(Items listed in a dataset)
···
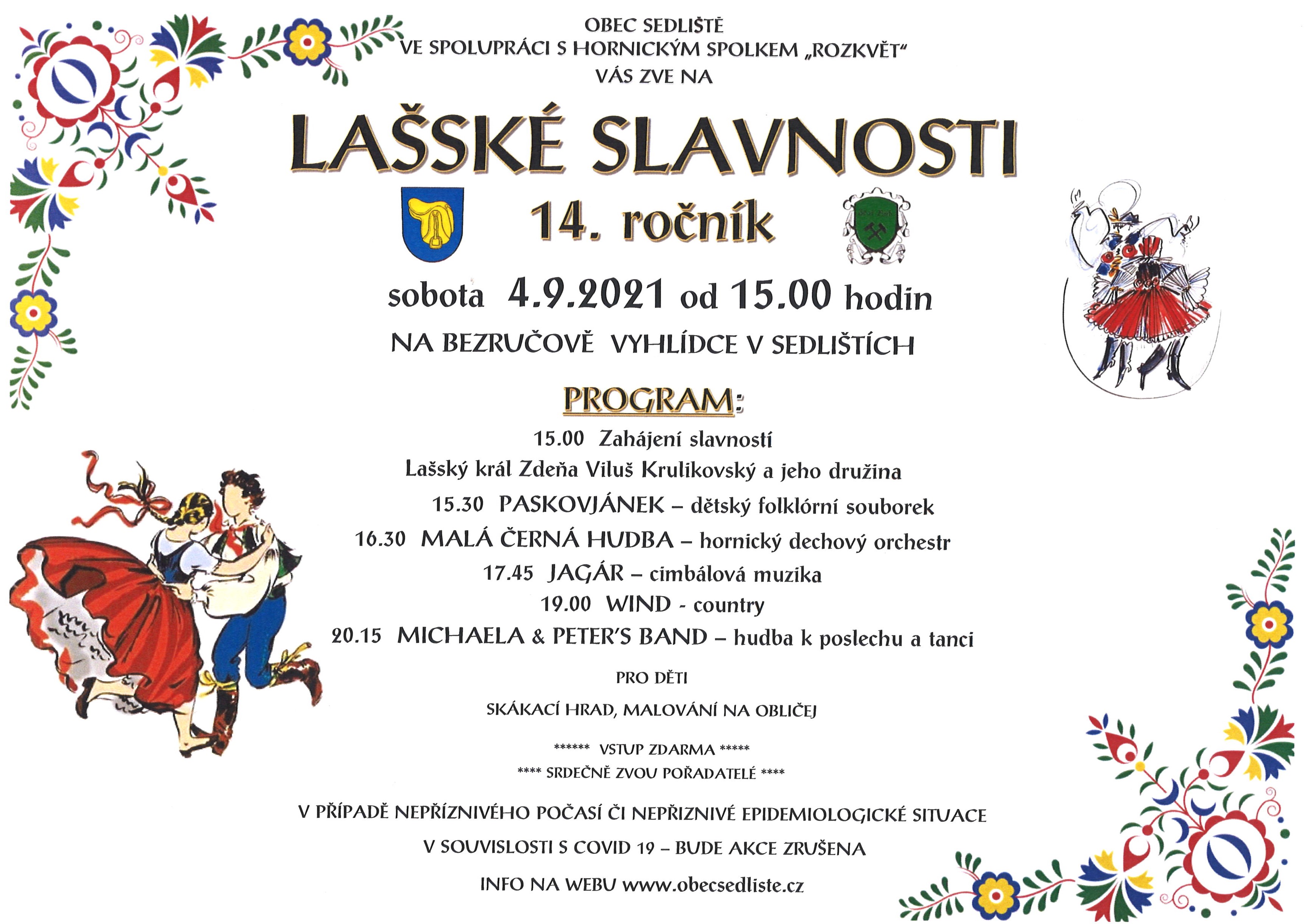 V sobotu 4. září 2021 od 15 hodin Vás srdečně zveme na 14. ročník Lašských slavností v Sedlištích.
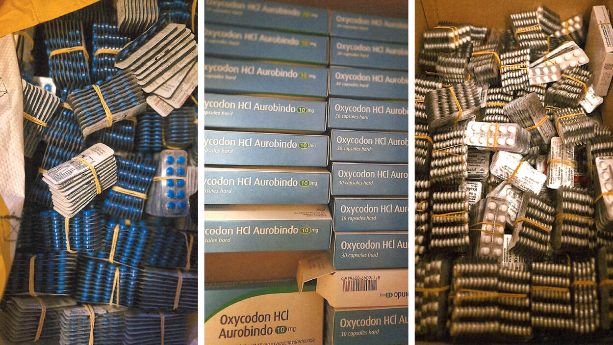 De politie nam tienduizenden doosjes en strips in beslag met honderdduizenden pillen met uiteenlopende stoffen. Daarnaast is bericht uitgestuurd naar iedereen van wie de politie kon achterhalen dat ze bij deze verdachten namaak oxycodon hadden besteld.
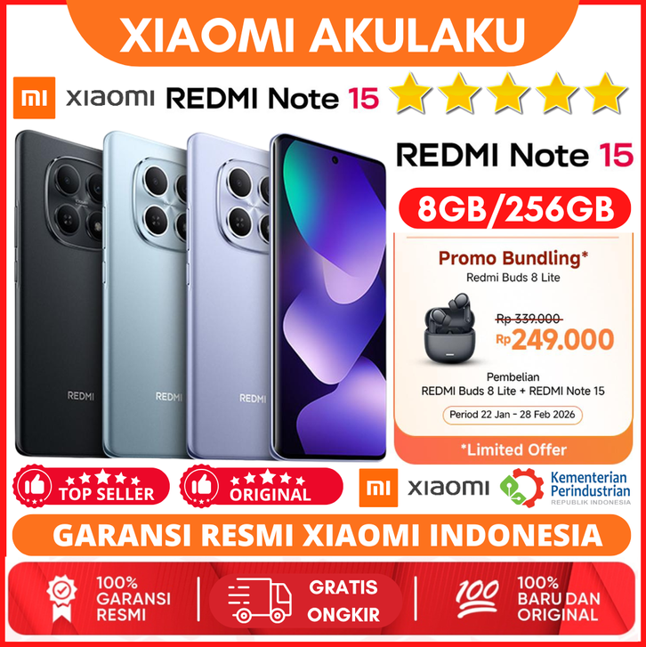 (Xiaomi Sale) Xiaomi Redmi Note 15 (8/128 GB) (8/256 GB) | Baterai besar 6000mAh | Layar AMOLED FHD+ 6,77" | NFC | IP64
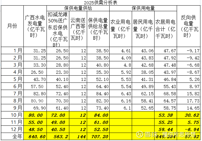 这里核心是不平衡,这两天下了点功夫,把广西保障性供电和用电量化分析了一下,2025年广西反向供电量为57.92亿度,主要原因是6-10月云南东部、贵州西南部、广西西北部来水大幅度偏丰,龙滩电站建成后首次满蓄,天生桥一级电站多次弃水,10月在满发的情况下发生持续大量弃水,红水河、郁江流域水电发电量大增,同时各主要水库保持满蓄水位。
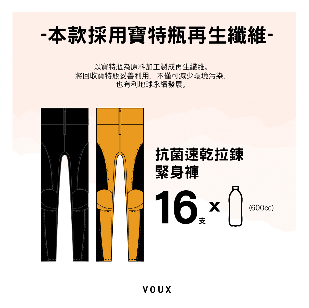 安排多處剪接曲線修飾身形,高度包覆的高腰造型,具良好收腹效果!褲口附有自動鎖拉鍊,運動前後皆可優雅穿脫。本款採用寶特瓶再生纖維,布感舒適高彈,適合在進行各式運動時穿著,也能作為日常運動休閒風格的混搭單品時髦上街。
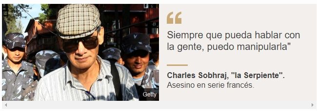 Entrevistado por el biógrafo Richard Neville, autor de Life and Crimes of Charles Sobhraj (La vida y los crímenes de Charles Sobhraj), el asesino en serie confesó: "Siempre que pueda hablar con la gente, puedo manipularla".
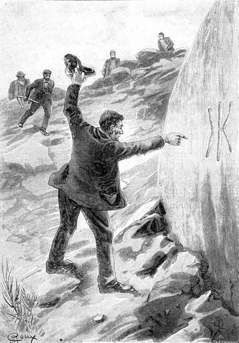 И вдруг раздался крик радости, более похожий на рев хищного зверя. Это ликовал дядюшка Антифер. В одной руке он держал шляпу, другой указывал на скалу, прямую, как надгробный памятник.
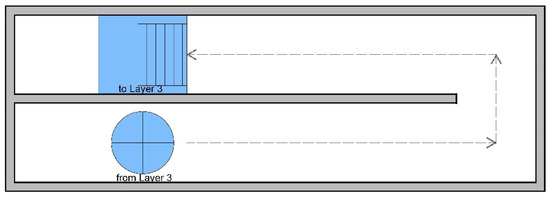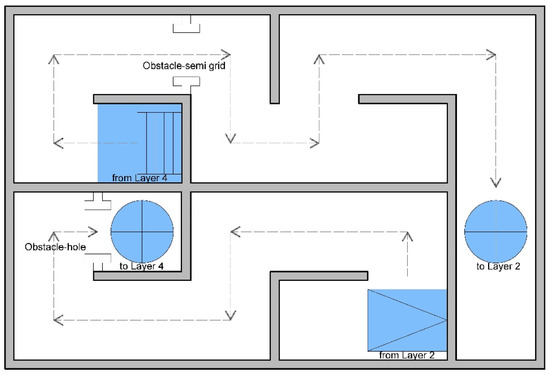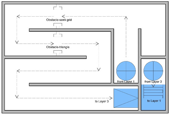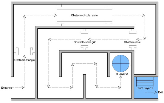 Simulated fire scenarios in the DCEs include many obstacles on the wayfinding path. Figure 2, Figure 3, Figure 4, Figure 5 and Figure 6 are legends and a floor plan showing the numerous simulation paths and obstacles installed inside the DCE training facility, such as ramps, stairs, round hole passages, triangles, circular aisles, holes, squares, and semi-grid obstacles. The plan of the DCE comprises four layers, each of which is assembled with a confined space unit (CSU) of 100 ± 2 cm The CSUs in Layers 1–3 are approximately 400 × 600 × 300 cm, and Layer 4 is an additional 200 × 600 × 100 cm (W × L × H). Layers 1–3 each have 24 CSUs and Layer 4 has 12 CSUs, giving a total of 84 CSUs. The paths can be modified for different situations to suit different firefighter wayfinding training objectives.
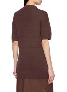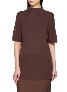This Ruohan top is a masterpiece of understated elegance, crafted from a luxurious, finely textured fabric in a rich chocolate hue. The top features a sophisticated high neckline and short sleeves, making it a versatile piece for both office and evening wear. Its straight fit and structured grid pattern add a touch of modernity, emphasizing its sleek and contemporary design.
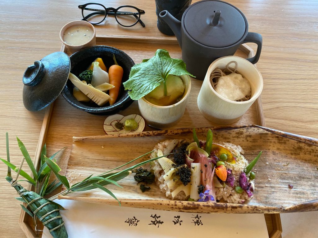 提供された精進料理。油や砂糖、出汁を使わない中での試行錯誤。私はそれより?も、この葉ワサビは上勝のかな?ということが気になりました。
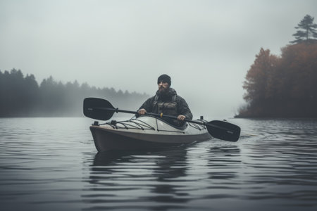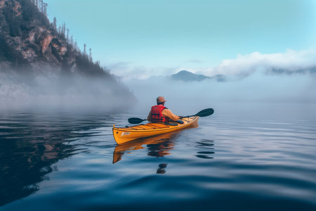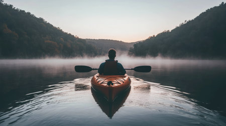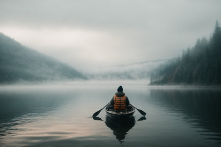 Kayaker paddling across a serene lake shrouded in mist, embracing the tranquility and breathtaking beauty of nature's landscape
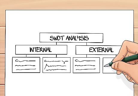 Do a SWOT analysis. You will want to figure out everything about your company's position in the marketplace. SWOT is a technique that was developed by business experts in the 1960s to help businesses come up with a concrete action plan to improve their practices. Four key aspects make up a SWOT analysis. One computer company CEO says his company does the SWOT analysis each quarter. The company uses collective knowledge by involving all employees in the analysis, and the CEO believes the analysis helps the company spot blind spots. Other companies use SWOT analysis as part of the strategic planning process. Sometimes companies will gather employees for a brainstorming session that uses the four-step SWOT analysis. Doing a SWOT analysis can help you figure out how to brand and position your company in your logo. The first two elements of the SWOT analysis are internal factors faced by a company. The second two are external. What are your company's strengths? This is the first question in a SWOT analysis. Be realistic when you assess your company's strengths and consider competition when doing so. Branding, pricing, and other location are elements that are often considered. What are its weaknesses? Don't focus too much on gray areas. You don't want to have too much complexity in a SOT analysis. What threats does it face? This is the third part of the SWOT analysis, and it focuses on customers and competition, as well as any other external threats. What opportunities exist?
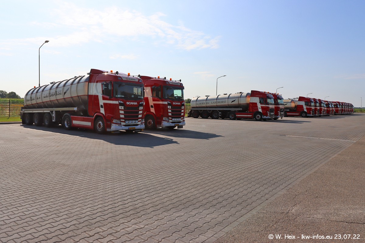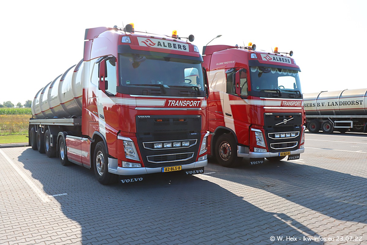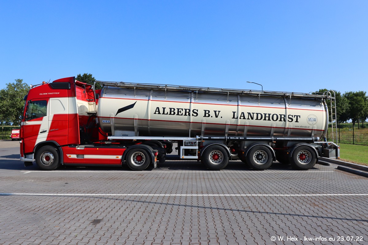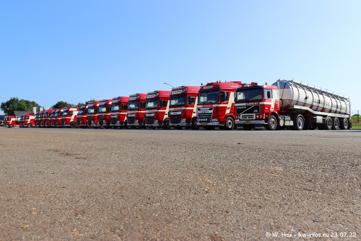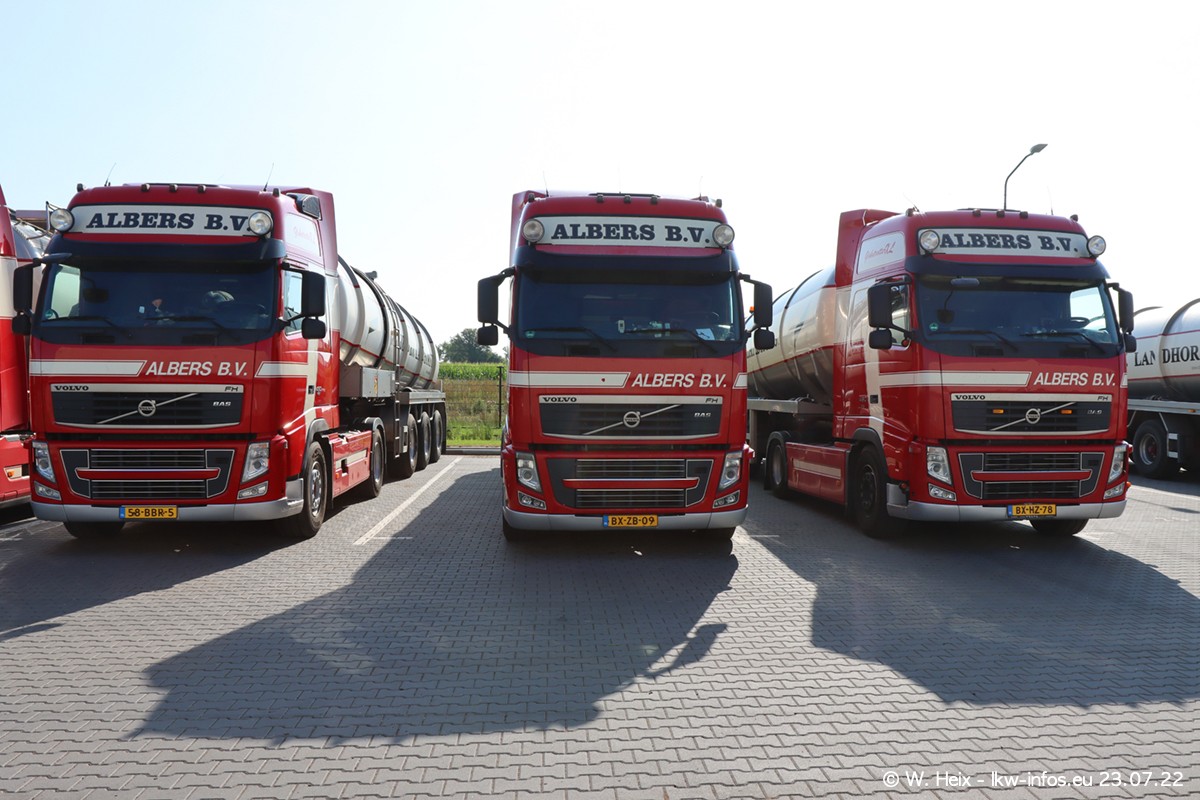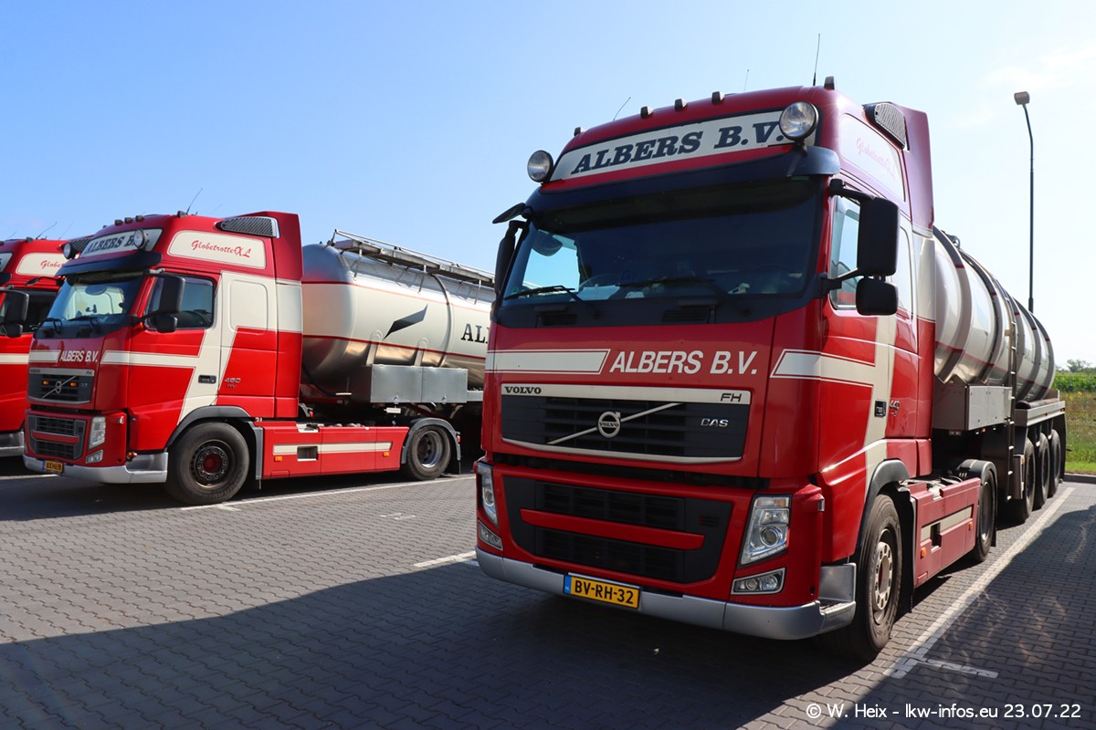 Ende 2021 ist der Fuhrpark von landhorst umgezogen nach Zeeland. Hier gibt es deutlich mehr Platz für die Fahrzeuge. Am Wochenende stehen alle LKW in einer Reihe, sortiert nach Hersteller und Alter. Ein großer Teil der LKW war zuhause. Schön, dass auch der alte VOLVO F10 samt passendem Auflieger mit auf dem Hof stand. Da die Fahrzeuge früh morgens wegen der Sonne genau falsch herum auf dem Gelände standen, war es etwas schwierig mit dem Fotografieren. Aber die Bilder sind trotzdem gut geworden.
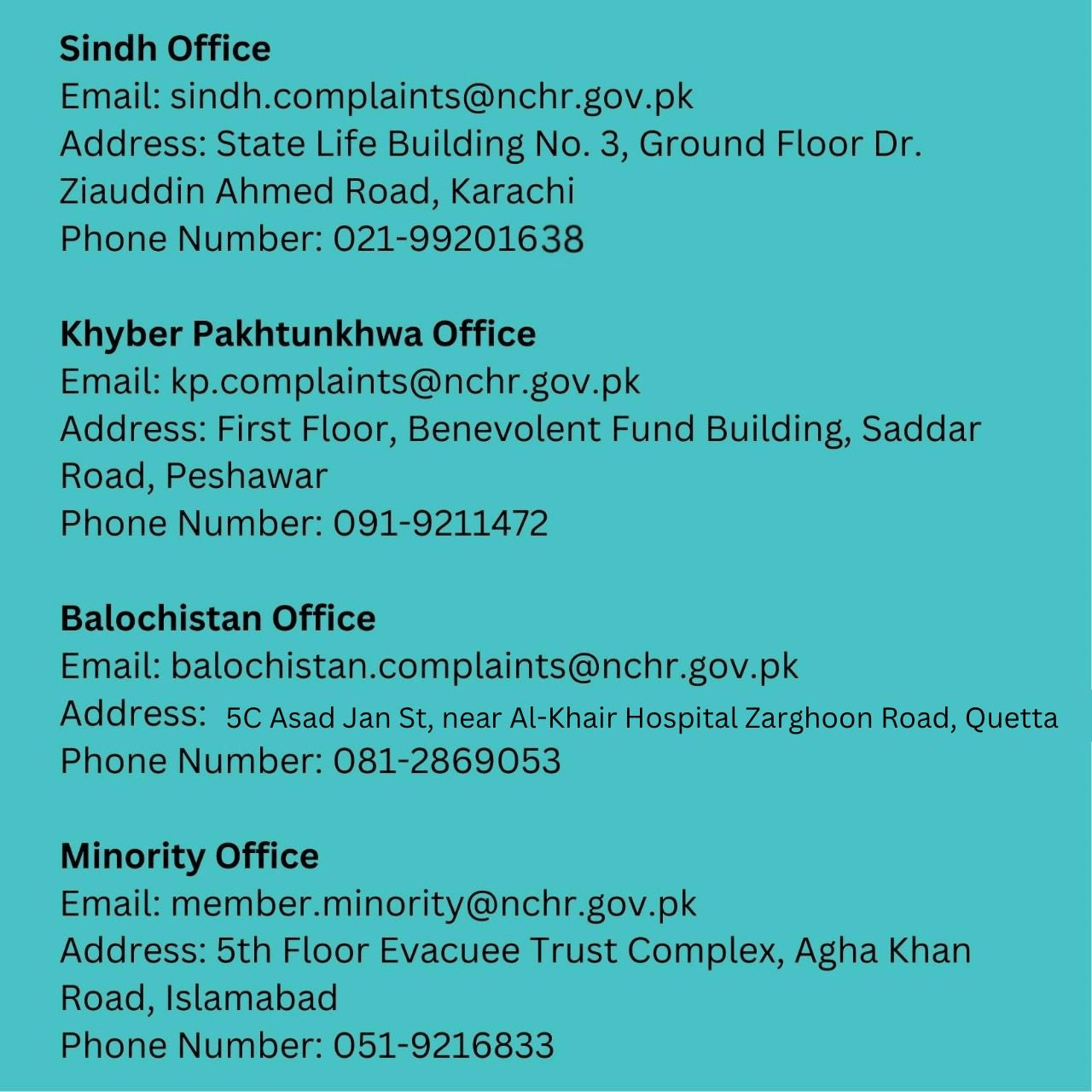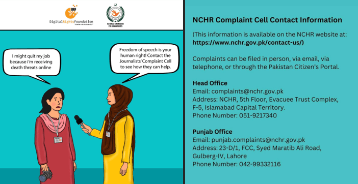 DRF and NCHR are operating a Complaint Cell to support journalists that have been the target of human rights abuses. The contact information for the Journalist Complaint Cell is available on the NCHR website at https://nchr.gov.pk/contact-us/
···
Your task:
Give the lines exactly, from the first line of the entries to the line with "И вдруг раздался", both ends included. Skip the pictures.

Result below:
 V sobotu 4. září 2021 od 15 hodin Vás srdečně zveme na 14. ročník Lašských slavností v Sedlištích.
 De politie nam tienduizenden doosjes en strips in beslag met honderdduizenden pillen met uiteenlopende stoffen. Daarnaast is bericht uitgestuurd naar iedereen van wie de politie kon achterhalen dat ze bij deze verdachten namaak oxycodon hadden besteld.
 (Xiaomi Sale) Xiaomi Redmi Note 15 (8/128 GB) (8/256 GB) | Baterai besar 6000mAh | Layar AMOLED FHD+ 6,77" | NFC | IP64
 这里核心是不平衡,这两天下了点功夫,把广西保障性供电和用电量化分析了一下,2025年广西反向供电量为57.92亿度,主要原因是6-10月云南东部、贵州西南部、广西西北部来水大幅度偏丰,龙滩电站建成后首次满蓄,天生桥一级电站多次弃水,10月在满发的情况下发生持续大量弃水,红水河、郁江流域水电发电量大增,同时各主要水库保持满蓄水位。
 安排多處剪接曲線修飾身形,高度包覆的高腰造型,具良好收腹效果!褲口附有自動鎖拉鍊,運動前後皆可優雅穿脫。本款採用寶特瓶再生纖維,布感舒適高彈,適合在進行各式運動時穿著,也能作為日常運動休閒風格的混搭單品時髦上街。
 Entrevistado por el biógrafo Richard Neville, autor de Life and Crimes of Charles Sobhraj (La vida y los crímenes de Charles Sobhraj), el asesino en serie confesó: "Siempre que pueda hablar con la gente, puedo manipularla".
 И вдруг раздался крик радости, более похожий на рев хищного зверя. Это ликовал дядюшка Антифер. В одной руке он держал шляпу, другой указывал на скалу, прямую, как надгробный памятник.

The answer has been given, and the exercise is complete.